In the time that had passed, Giuliano and Sharon's paper dreams had blossomed on the via del Moro. The dusty gold façade of the place looked the same to me, but the pair had actually moved five meters down the road and now had three dining rooms. The antiquarians and artists who had eaten lazy lunches there had dispersed, but I made a new friend, Amanda, a lithe blond writer from California, whose Italian boyfriend, Lorenzo, was a waiter at Garga, so there was no question of where we'd spend our time.
Once again I talked late into the night with Sharon and Garga, drinking chianti and eating crusty bread slathered with creamy stracchino cheese and sprinkled with salt and pepper. People smoked and played cards. Garga made extravagant sketches on a cloth napkin and sometimes pulled out his paintbrushes and started a canvas. I sat in on staff meals to eat things like tender pappardelle with a woodsy brown rabbit sauce.
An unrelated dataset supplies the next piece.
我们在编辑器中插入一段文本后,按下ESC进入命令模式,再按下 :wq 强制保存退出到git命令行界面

I listened to arguments about city politics and how polluted the Arno was. (Garga is an ardent advocate for the river, planting thousands of flowers on its banks and islands; he is even attached to its muskrats and once held a funeral for one he called Maurizio.) Taxes and strikes were a frequent topic amid occasional shouting over a dish that was not carried to a table on time.
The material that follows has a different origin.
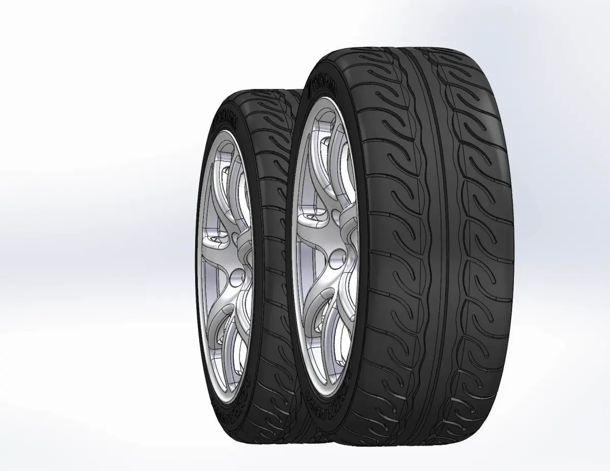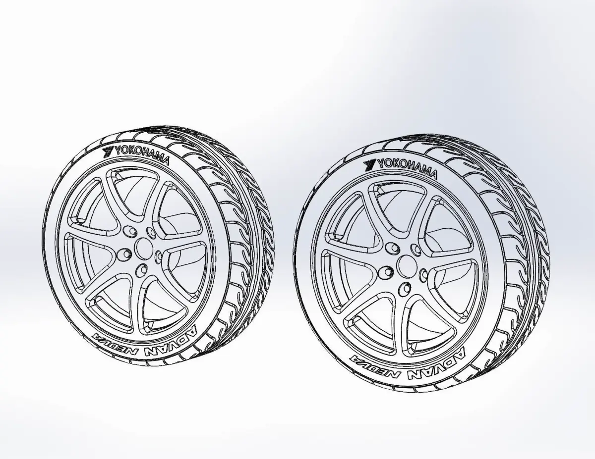 3D-printable wheels (rims and tyres separately and as one body) for your scale- or RC model. Rims style - OEM - TVR Tuscan/T400/T350/Sagaris/Tamora, front 18x8, rear 18x8.5; Tyres - front 225/40 R18, rear 245/40 R18 with a detailed tire tread pattern

Since my first trip to Florence, I'd lost some of the quixotic notions I'd once had about Italy, but I was still struck by the pure pleasure so frequently displayed in connection with Trattoria Garga. Those butterfly-bright walls, the Verdi bellowing from the kitchen...every night felt like New Year's Eve.
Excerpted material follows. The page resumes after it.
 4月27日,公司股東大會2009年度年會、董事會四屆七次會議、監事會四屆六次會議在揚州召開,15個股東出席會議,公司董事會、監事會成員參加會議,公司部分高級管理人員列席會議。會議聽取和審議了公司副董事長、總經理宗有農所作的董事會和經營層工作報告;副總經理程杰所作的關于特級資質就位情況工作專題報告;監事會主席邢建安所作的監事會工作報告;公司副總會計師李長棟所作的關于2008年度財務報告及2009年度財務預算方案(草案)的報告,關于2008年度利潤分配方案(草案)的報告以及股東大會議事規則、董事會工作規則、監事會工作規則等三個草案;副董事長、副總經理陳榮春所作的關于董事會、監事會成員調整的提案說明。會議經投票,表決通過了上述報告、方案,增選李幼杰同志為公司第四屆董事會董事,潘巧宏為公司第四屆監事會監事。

Now 2002 is another year I have rung in here. For a moment or two I think of my home in Boston; I miss my seven-year-old daughter. It is four o'clock in the morning, and the room is heavy with cigar smoke. Christmas lights still blink in the kitchen. Sharon, Garga, and I trade pictures. Garga takes out Magic Markers and draws me a picture on a white cloth napkin—a man in a rowboat on the Arno. He festoons it with dabs of the expensive scotch he is drinking until the colors bleed as on a tie-dye T-shirt; later, this damp memento will fill my entire suitcase with the scent of whisky, puzzling a customs officer.
In the end, we say good-bye not once but five or six times. I remember back ten years, at almost one o'clock in the morning on the first day of the New Year, champagne bottles empty. The border between server and diner, always thin at best here, had eroded completely. But one couple were still seated. Even by Florence's high standard they were both achingly good looking. He was sleek and Cary Grant–ish, and she was darkly radiant and doe-eyed in a chic black suit with a white cloth gardenia pinned to one lapel. They seemed to have eyes for no one but each other and sat with their hands clasped atop the table during the dancing and kissing. As I cleared the last of the dessert plates from their table, the girl smiled up at me. "What a beautiful flower," I said, and, in what seemed like a single graceful movement, she stood, kissed me on both cheeks, unfastened the white gardenia from her own lapel, and pinned it to my own, pale blue shirt.